Capitalism, this argument goes, is apparently capable of almost infinite adaptation. The response usually does not deny that capitalism is prone to crises, nor that these crises may trigger some political event like a social revolution. However short of a social revolution, (triggered usually by an alteration of consciousness secondary to a crisis), there is nothing inherent in capitalism driving it toward its self-annihilation.
The current iteration of this argument, which among Marxists seems to date back to Tugan-Baranowsky, is now defended by the value-form school and almost all Marxists today. This school includes very influential Marxist writers like Michael Heinrich in Germany, John Milios in Greece and David Harvey in the United States.
Cutterham provides us the quintessential argument made by this school: “First of all, despite what Mason suggests, work isn’t going away fast.” Capitalism may be reducing the labor time required for production of commodities, but this time set free from production is being filled with bullshit jobs and falling productivity. What has impeded the capitalistic drive to abolish labor generally isn’t technology, but the state:
“If work were really being steadily replaced by machines, we would see improving productivity rates as the proportion of labour needed in production dropped. But as Doug Henwood has pointed out, average productivity in the US has actually been falling for a decade. The reason for that is right on the tip of Mason’s tongue: what David Graeber calls “bullshit jobs,” the pointless and unproductive work that keeps the wage relation ticking over in the developed world, offsets the mechanisation happening elsewhere. An explosion in free time has been on the agenda for a century. What has prevented it isn’t technology, but politics.”
Cutterham’s criticism of Mason’s book is that Mason,
“focuses too narrowly on capitalism as a dynamic economic system. In the process, he ignores its alter-ego as a system of political control.”
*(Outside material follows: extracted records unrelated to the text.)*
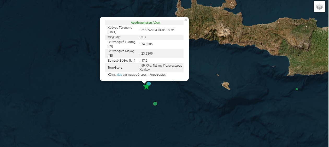 Specifically, the tremor was pinpointed at 59 kilometers south-southwest of the town of Palaiochora, Crete, and at a depth of 17.2 kilometers.
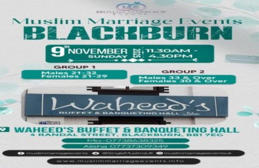 Join us for our upcoming Muslim marriage events on Sunday, 9th November 2025, at Waheed's Restaurant, 4 Randal Street, Blackburn, BB1 7EG
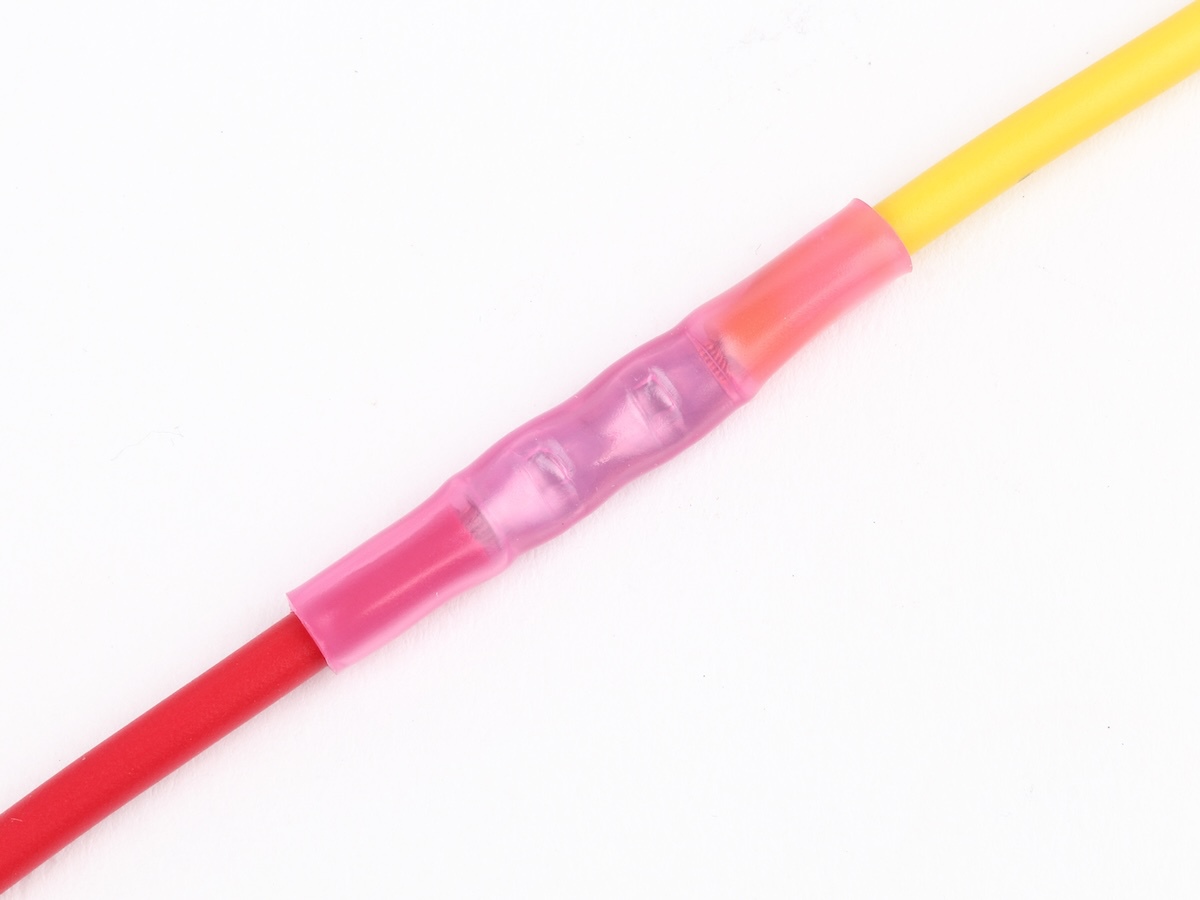 これに対し、シーンを選ばず接続できる「圧着スリーブ」は、ハンダを溶かす必要がありませんから、加熱は熱収縮チューブだけ。より簡単にキレイに仕上げやすくなっています。

The idea Marx neglects politics in his analysis of the capitalist mode of production has deep roots among many activists whose stock response to the prediction of capitalist collapse is to declare the end of capitalism does not and cannot end sexism and racism. The idea white supremacy and the subjugation of women, having already existed prior to capitalism, must, on this account, outlast capitalism is not new.
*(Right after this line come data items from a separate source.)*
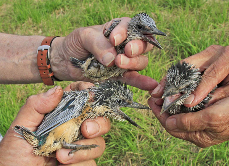 The birds are quite clever in building their nest in a vertical (clay) bank, rotting logs, etc, where they’ll raise three to five young ones in the space of just-under a month.
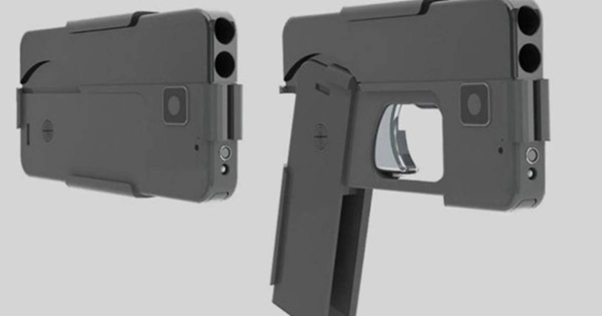 esta pistola de doble cañón parece un 'smartphone'. Sin embargo, con un simple movimiento de la mano se convierte en un arma real.
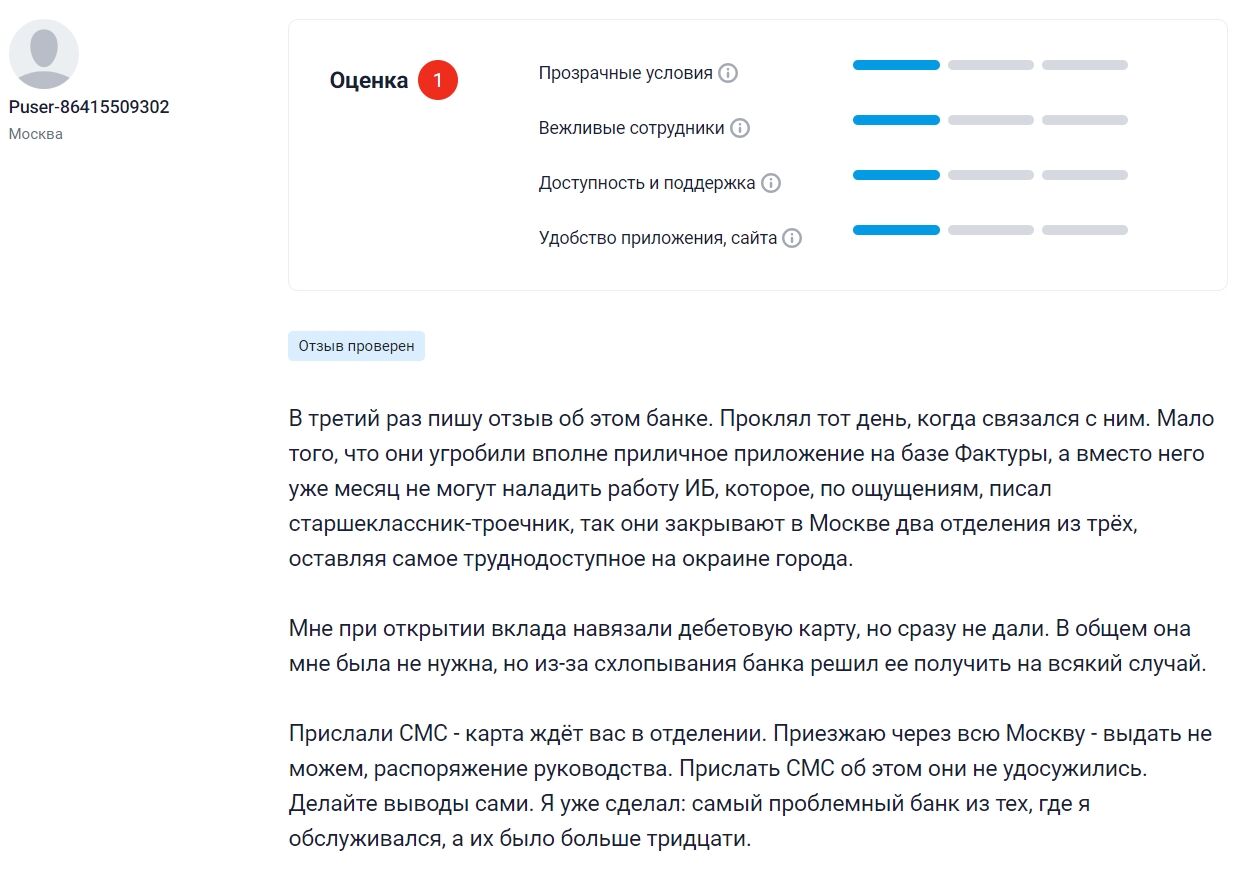 В первую очередь, отмечается низкое качество обслуживания и технической поддержки. Один из клиентов выразил свое недовольство по поводу неудачного обновления банковского приложения и закрытия двух из трех отделений в Москве, что существенно усложнило доступ к услугам банка. Также он указал на проблемы с получением дебетовой карты, которую ему навязали при открытии вклада, но так и не выдали, ссылаясь на распоряжение руководства, при этом не уведомив заранее об изменении условий.

The criticism of Marx’s labor theory of value by feminists in particular raised this question long before the value-form school. The early feminists critics of labor theory could dismiss it as having no real application in their domain. Since white supremacy and the subjugation of women could be shown to have existed long before the rise of capitalism, it seemed to follow that while a social revolution may put an end to capitalism, there was nothing to guarantee it would put an end to white supremacy and the subjugation of women, except the pious promises of vanguardist leaders.
The value-form school employs this argument to overturn labor theory from within labor theory itself. As Cutterham argues,
“Capitalism as a force for growth may well be dying …. As a force for inequality, though, it is very much alive.”
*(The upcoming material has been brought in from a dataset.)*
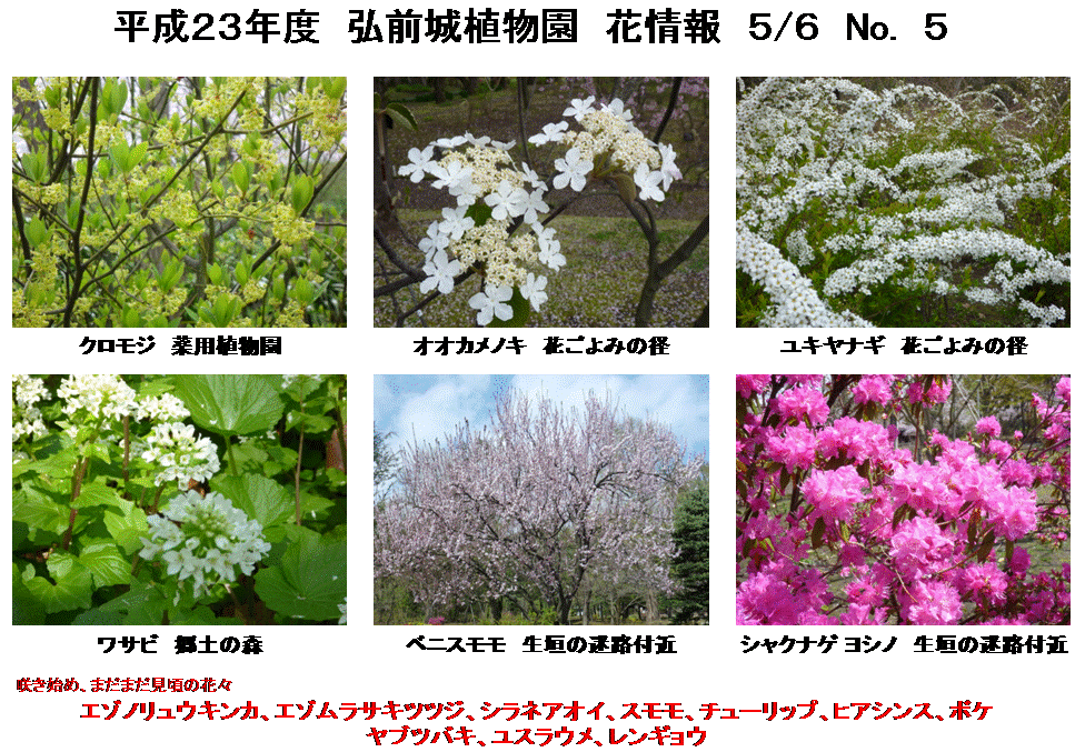 2011年05月06日 平成23年度 弘前城植物園 花情報 No. 5 弘前公園のソメイヨシノ、ヤエベニシダレが満開になり、もう少しでソメイヨシノ、ヤエベニシダレの桜吹雪が楽しめそうです。 弘前城植物園内のソメイヨシノ、ヤエベニシダレも満開!! これから見頃を迎える桜は、横浜緋桜、思川、佐野桜………などなど。 花の色が黄緑色っぽいウコン、ギョイコウは開花までもう少しかかりそうです。 弘前城植物園は、本日より開園時間が通常に戻り 9:00〜17:00(最終入園時間16:30) となります。 ↓Instagramやってます↓

What the value-form school has done is introduce a new front against labor theory for this view. The value-form school argues Marx did not just ignore problems of women and the colonial peoples, but also the whole of the present state in his analysis of the capitalist mode of production. Marx, this view states, approaches capital as if it is merely an economic system, ignoring that capitalism is both an economic system and a political system.
As Cutterham hints in his criticism of Mason, the defect of labor theory begins with Marx’s assumption that socially necessary labor time (value) is determined solely by technological improvements in the productivity of labor. This argument is also to be found in Harvey’s Companion, where he asserts Marx is very ‘cryptic’ in making an ‘a priori’ assertion that labor is the source of value. In Harvey’s own reformulation of Marx’s theory value arises not from labor, but from exchange. Chris Arthur carries this argument one step further: arguing value cannot be deduced from the exchange relations — it requires the value-form, money.
What is the significance of these criticisms of labor theory?
This argument about labor and the value-form conceals a much more fundamental argument over the nature of capitalism itself. Michael Heinrich has provided the most theoretically consistent argument on behalf of this view. Marx, argues Heinrich, was wrong in Capital to predict the rate of profit falls with the rising organic composition of capital.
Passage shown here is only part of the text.